▶ _YOUR OBJECTIVE_: Restate exactly, and only, the lines from the one with "It offers boating, fishing" through the end of the data, with both of those end lines kept. Drop any pictures.

▶ _RECORDED INFORMATION_:
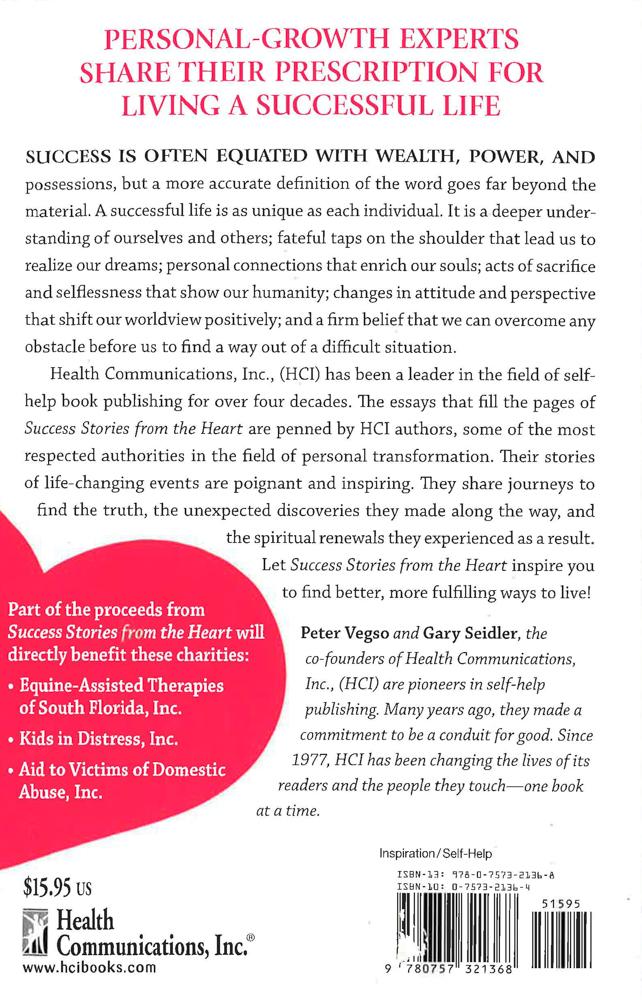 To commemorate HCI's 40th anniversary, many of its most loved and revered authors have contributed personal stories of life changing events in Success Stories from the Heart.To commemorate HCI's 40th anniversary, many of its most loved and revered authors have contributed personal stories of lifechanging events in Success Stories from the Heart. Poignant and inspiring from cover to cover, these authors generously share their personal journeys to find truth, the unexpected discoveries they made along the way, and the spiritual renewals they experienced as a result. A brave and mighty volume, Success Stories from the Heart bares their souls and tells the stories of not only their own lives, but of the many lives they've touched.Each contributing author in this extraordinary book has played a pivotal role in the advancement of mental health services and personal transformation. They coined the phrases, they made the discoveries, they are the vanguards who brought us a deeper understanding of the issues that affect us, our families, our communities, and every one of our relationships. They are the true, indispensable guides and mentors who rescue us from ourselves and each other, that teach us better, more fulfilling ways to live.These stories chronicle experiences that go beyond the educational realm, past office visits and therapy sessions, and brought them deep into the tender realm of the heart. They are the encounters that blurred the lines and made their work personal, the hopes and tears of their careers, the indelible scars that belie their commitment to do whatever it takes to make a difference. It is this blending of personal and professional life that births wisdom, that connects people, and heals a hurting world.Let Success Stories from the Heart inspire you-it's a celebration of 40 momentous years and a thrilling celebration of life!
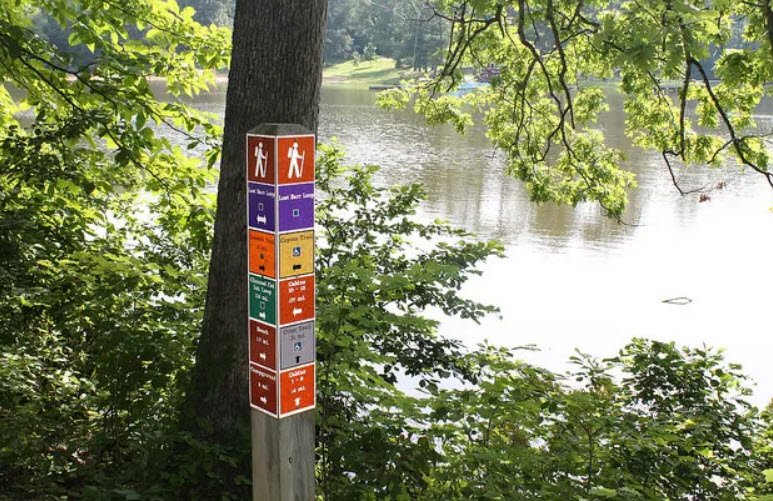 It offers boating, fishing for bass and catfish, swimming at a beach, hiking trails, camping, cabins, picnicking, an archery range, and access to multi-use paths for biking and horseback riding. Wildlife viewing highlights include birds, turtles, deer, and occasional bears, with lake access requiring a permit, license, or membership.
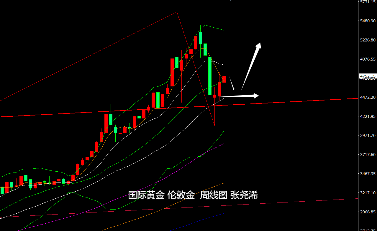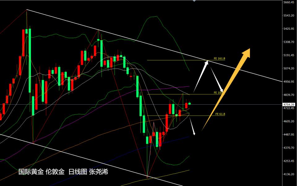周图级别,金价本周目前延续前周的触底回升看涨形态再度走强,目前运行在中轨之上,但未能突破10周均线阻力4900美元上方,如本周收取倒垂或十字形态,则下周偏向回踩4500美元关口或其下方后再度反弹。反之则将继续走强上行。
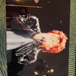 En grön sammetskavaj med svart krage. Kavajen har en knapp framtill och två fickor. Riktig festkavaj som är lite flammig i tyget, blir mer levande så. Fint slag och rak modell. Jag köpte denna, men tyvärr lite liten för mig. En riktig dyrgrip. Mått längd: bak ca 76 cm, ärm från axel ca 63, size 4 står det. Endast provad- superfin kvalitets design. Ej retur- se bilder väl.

▶ _SOLUTION TO THIS EXERCISE_:
 It offers boating, fishing for bass and catfish, swimming at a beach, hiking trails, camping, cabins, picnicking, an archery range, and access to multi-use paths for biking and horseback riding. Wildlife viewing highlights include birds, turtles, deer, and occasional bears, with lake access requiring a permit, license, or membership.
周图级别,金价本周目前延续前周的触底回升看涨形态再度走强,目前运行在中轨之上,但未能突破10周均线阻力4900美元上方,如本周收取倒垂或十字形态,则下周偏向回踩4500美元关口或其下方后再度反弹。反之则将继续走强上行。
 En grön sammetskavaj med svart krage. Kavajen har en knapp framtill och två fickor. Riktig festkavaj som är lite flammig i tyget, blir mer levande så. Fint slag och rak modell. Jag köpte denna, men tyvärr lite liten för mig. En riktig dyrgrip. Mått längd: bak ca 76 cm, ärm från axel ca 63, size 4 står det. Endast provad- superfin kvalitets design. Ej retur- se bilder väl.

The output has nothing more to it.